Nel finale del film il regista trasforma la realtà dandogli un’altra modalità, con una scena di ballo
che paradossalmente fa eco con quello che doveva essere il finale di “Cento giornate di Sodoma”
di Pasolini (dato che era la sua idea iniziale), in cui in un matrimonio i personaggi danzano,
vediamo come il passaggio da Pasolini a Moretti delinea un primo quadro delle trasformazioni che
il cinema contemporaneo opera.

Come abbiamo fatto nel mettere insieme Pasolini e Moretti, faremo oggi con Peter del Monte e
Valerio Mieri che individuano alcuni aspetti importanti, come la malattia d’amore è un qualcosa
inteso come una mancanza, questa mancanza la si vede in “Compagne di viaggio” film di Peter del
Monte tra una ragazza e un uomo anziano, amore basato sulla compagnia, nostalgia di una
relazione pura e profonda; Nella prima parte della sequenza vediamo che Asia Argento fa zapping
sulla tv, fino ad arrivare al volto di una donna che guarda verso l’alto e proclama una sorta di
promessa, quella donna è Ingrid Bergman e quel film è “Stromboli” di Roberto Rossellini uno dei
capolavori del cinema mondiale, Asia Argento in qualche modo vuole rafforzare il contatto con lei.

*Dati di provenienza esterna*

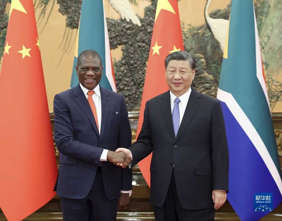 習近平指出,今年是中南建交25週年,兩國關係步入“黃金時代”。今年8月,我對南非進行了第四次國事訪問,同拉馬福薩總統一致決定,中南兩國要做高度互信的戰略伙伴、共同進步的發展夥伴、相知相親的友好夥伴、維護正義的全球夥伴。中方願同南非一道,不斷充實中南全面戰略伙伴關係內涵,推動兩國關係再上新台階。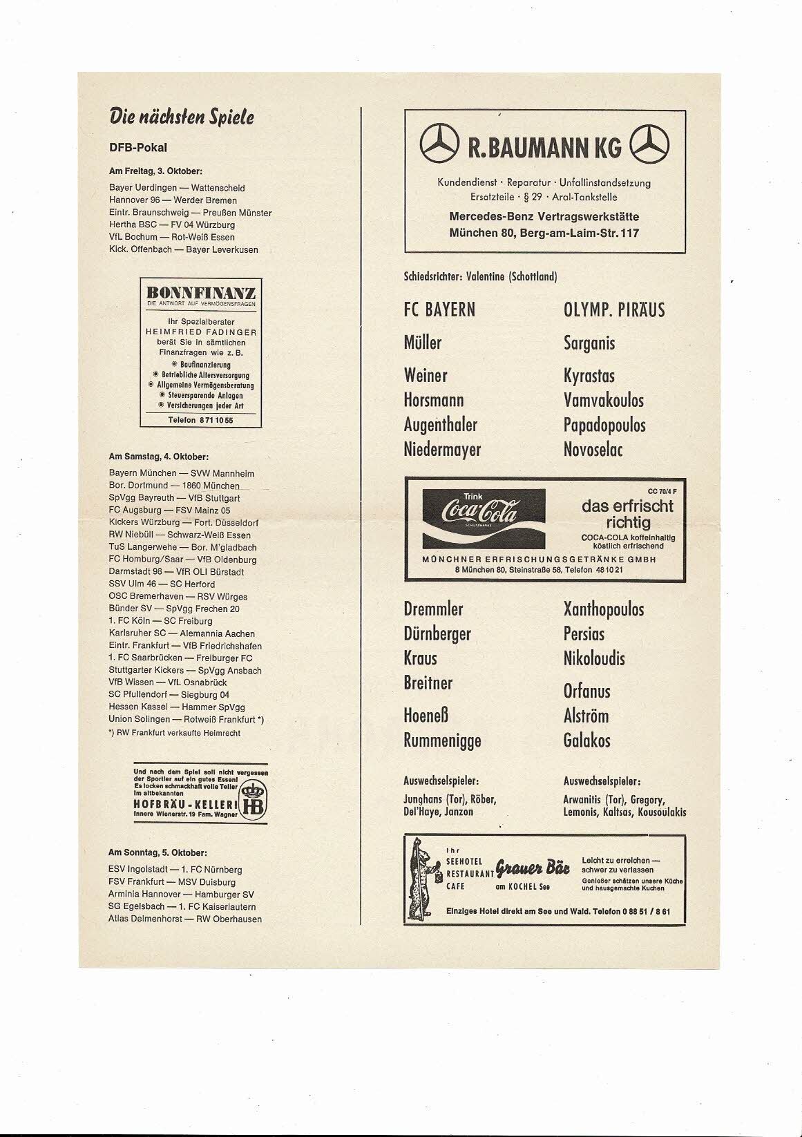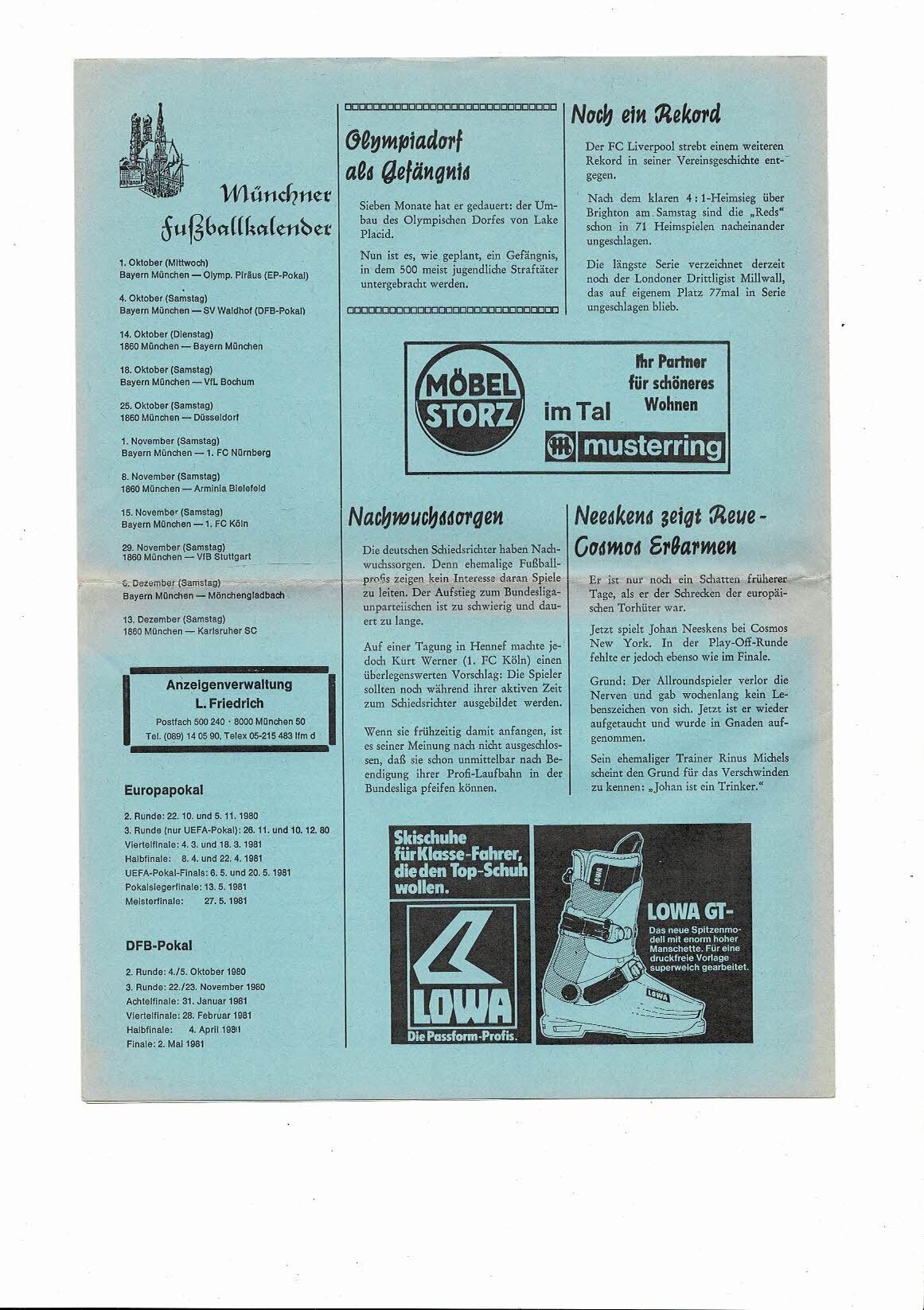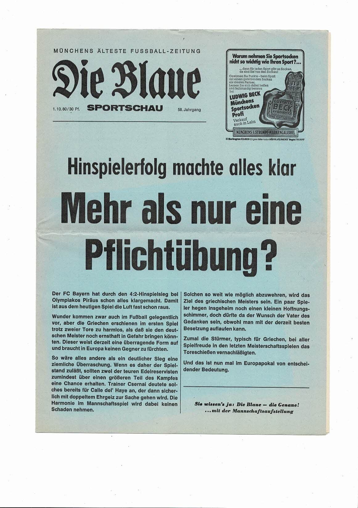Bayern Munich v Olympiakos European Cup Football Programme Die Blaue edition 1980/81

Valerio Mieri con “Ricordi?” straordinario dal punto di vista del montaggio, film fatto di flashback
e il montaggio non fa altro che inserire questi ricordi, belli, brutti, sfocati, una scena del film il
protagonista ricorda in modo nostalgico il suo primo amore vero, il luogo più presente all’interno
di questa sequenza è una sorta di balcone mediterraneo, dove i due si conoscono la prima volta, è
un luogo di fantasmi poiché lo vediamo vuoto nel presente e riempito di persone e luci nel
passato, il montaggio costruisce una sorta di dimensione onirica di una memoria, ma che non fa
altro che sovrapporsi tra passato e futuro, il sogno e la visionarietà sono ciò a cui ci si aggrappa per
ricostruire un rapporto d’amore.
La penultima pagina del saggio di Roberto de Gaetano parla della conclusione del lemma amore.
De Geatano parla della mancanza di una società stretta e di una società che sia un elite anche
come modelli di comportamento in cui il valore del due diventa un valore fondante della società,
tutto ciò manca al cinema del nostro paese, e a dominare è una sottospecie di scetticismo di
visione concreta e dentro le dinamiche della vita quotidiana in cui il rapporto d’amore è visto in
tutte le sue sfaccettature, comprese quelle negative.
Al tempo stesso il cinema è riuscito a raccontare storie d’amore che non si rifanno ad un modello
prescritto, ma che inventano forme proprie, si tratta di forme anche queste che nascono dalla
contemporaneità e dalla quotidianità.